==== Dataset entries

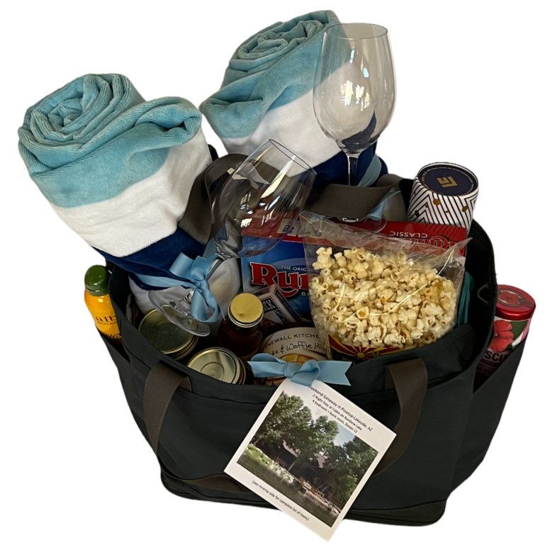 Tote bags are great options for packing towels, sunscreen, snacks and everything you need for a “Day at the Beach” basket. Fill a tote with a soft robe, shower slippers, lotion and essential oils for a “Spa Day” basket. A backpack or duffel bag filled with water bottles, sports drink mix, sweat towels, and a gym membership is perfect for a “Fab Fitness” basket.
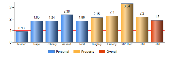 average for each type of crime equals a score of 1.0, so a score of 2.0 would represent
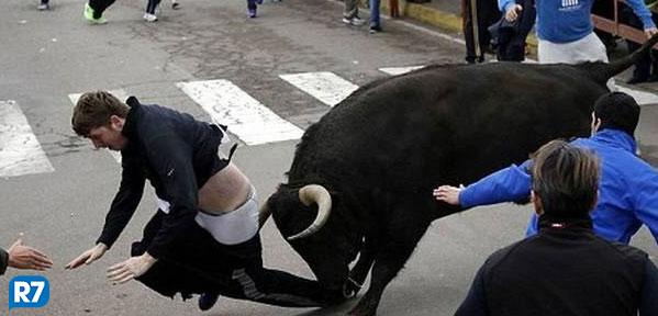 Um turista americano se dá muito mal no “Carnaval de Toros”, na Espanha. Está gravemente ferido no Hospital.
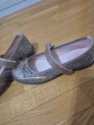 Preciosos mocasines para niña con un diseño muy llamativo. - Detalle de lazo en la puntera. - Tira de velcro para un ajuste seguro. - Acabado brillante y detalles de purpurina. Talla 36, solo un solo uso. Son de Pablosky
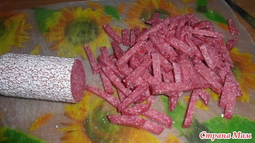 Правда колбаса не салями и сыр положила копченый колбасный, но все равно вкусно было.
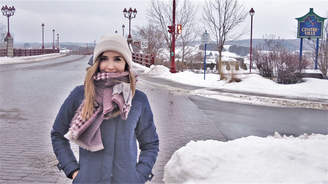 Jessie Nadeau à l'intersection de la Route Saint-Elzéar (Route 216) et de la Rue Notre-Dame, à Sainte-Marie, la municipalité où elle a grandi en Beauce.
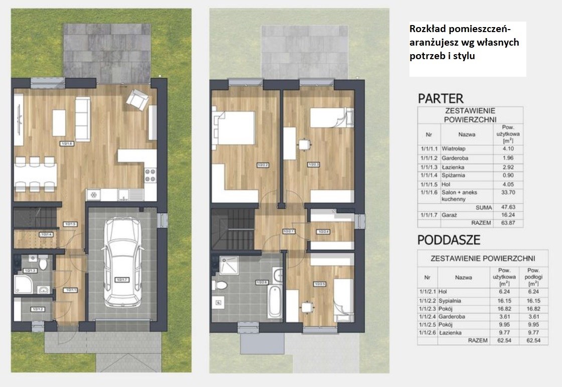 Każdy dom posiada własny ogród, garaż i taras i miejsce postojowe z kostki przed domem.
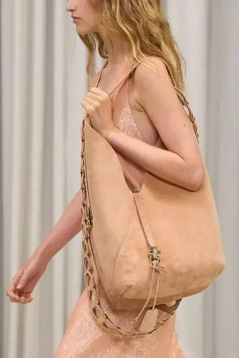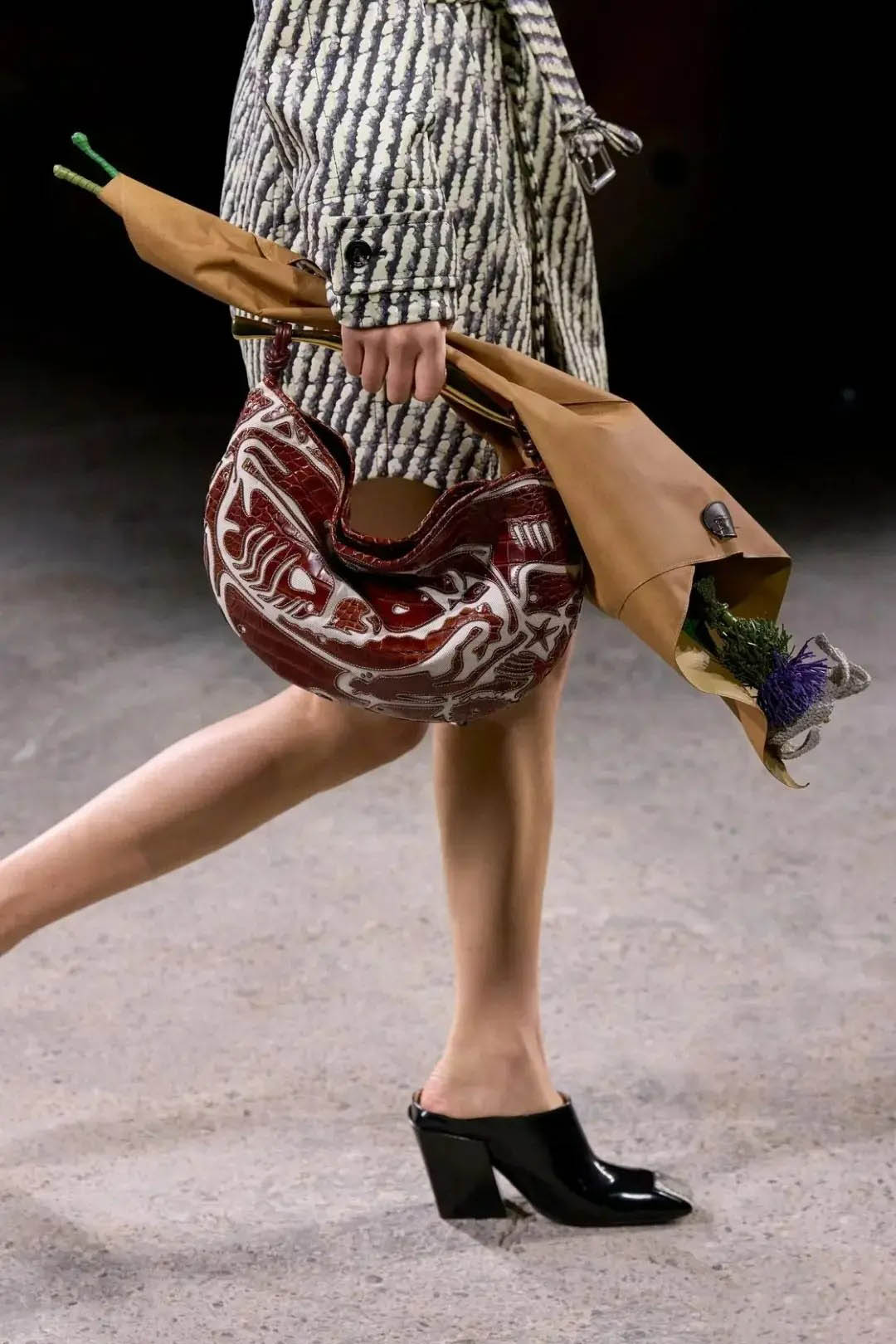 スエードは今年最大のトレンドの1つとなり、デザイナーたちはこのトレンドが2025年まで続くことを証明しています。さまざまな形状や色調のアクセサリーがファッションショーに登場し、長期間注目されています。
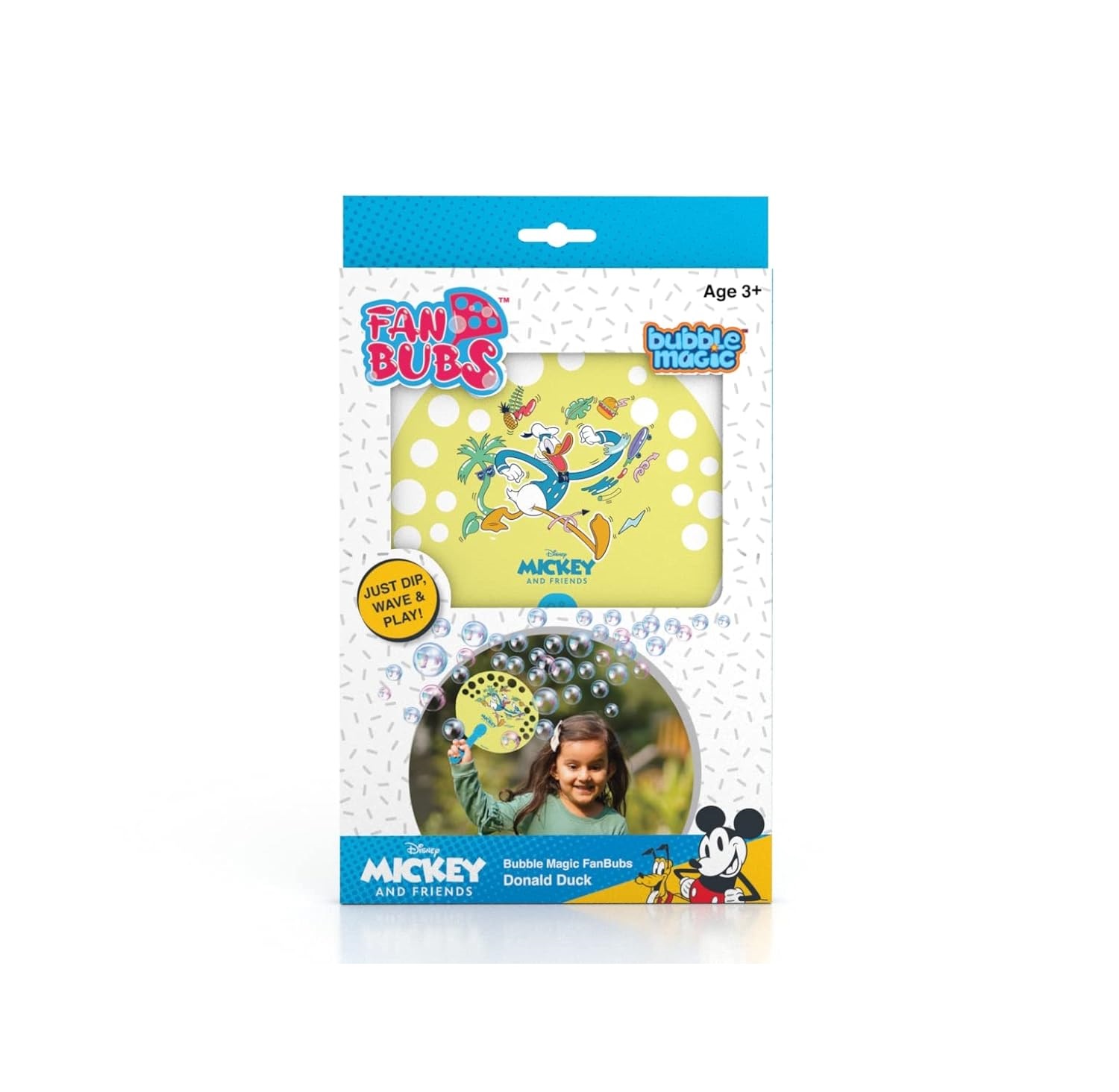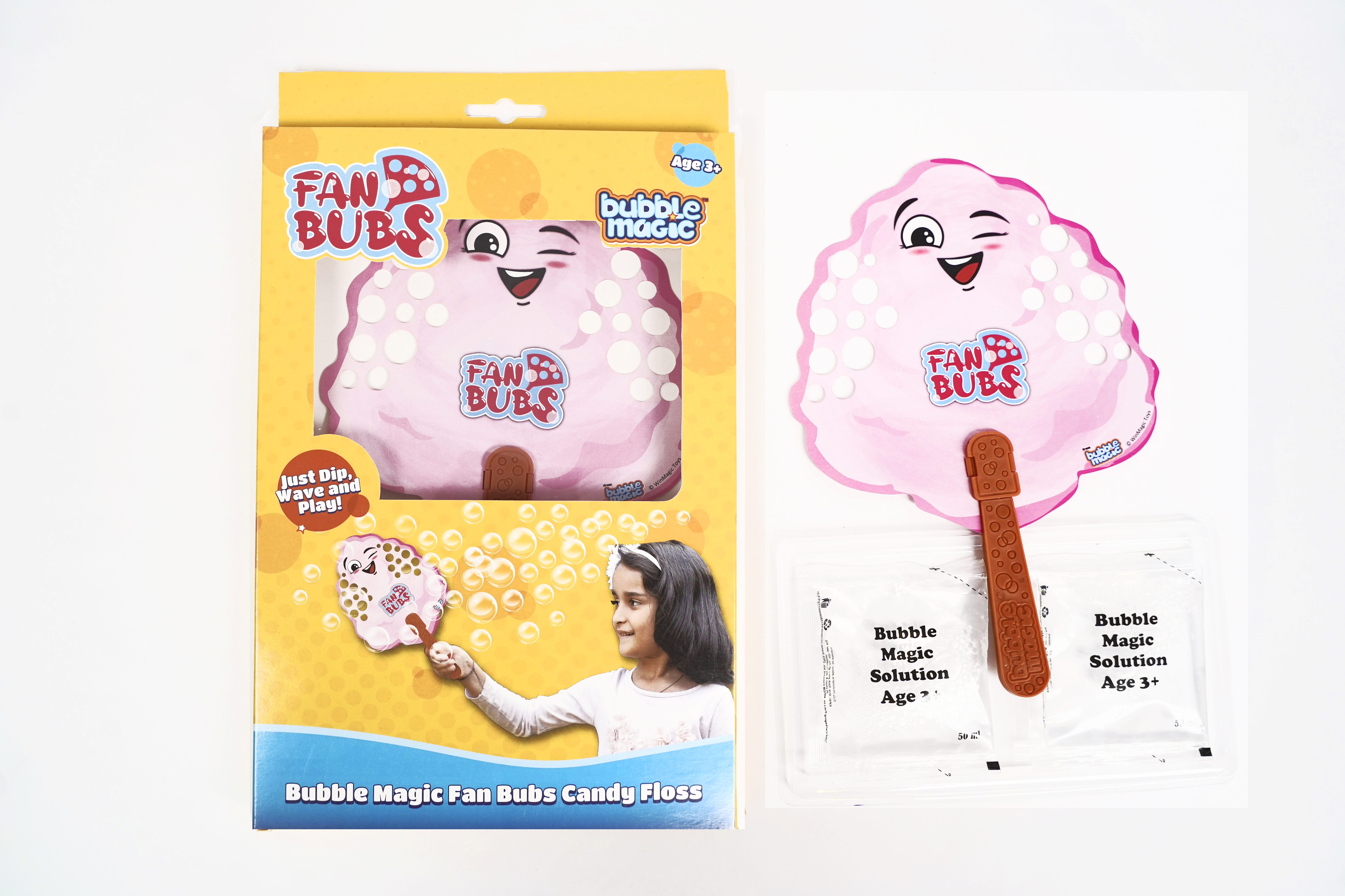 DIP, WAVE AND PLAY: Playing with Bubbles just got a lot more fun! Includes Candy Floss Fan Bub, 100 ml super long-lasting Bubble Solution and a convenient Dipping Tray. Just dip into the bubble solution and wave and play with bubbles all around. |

========

— Brief —
The listing above must be retyped word for word, without the pictures.

— Problem solution —
 Tote bags are great options for packing towels, sunscreen, snacks and everything you need for a “Day at the Beach” basket. Fill a tote with a soft robe, shower slippers, lotion and essential oils for a “Spa Day” basket. A backpack or duffel bag filled with water bottles, sports drink mix, sweat towels, and a gym membership is perfect for a “Fab Fitness” basket.
 average for each type of crime equals a score of 1.0, so a score of 2.0 would represent
 Um turista americano se dá muito mal no “Carnaval de Toros”, na Espanha. Está gravemente ferido no Hospital.
 Preciosos mocasines para niña con un diseño muy llamativo. - Detalle de lazo en la puntera. - Tira de velcro para un ajuste seguro. - Acabado brillante y detalles de purpurina. Talla 36, solo un solo uso. Son de Pablosky
 Правда колбаса не салями и сыр положила копченый колбасный, но все равно вкусно было.
 Jessie Nadeau à l'intersection de la Route Saint-Elzéar (Route 216) et de la Rue Notre-Dame, à Sainte-Marie, la municipalité où elle a grandi en Beauce.
 Każdy dom posiada własny ogród, garaż i taras i miejsce postojowe z kostki przed domem.
 スエードは今年最大のトレンドの1つとなり、デザイナーたちはこのトレンドが2025年まで続くことを証明しています。さまざまな形状や色調のアクセサリーがファッションショーに登場し、長期間注目されています。
 DIP, WAVE AND PLAY: Playing with Bubbles just got a lot more fun! Includes Candy Floss Fan Bub, 100 ml super long-lasting Bubble Solution and a convenient Dipping Tray. Just dip into the bubble solution and wave and play with bubbles all around. |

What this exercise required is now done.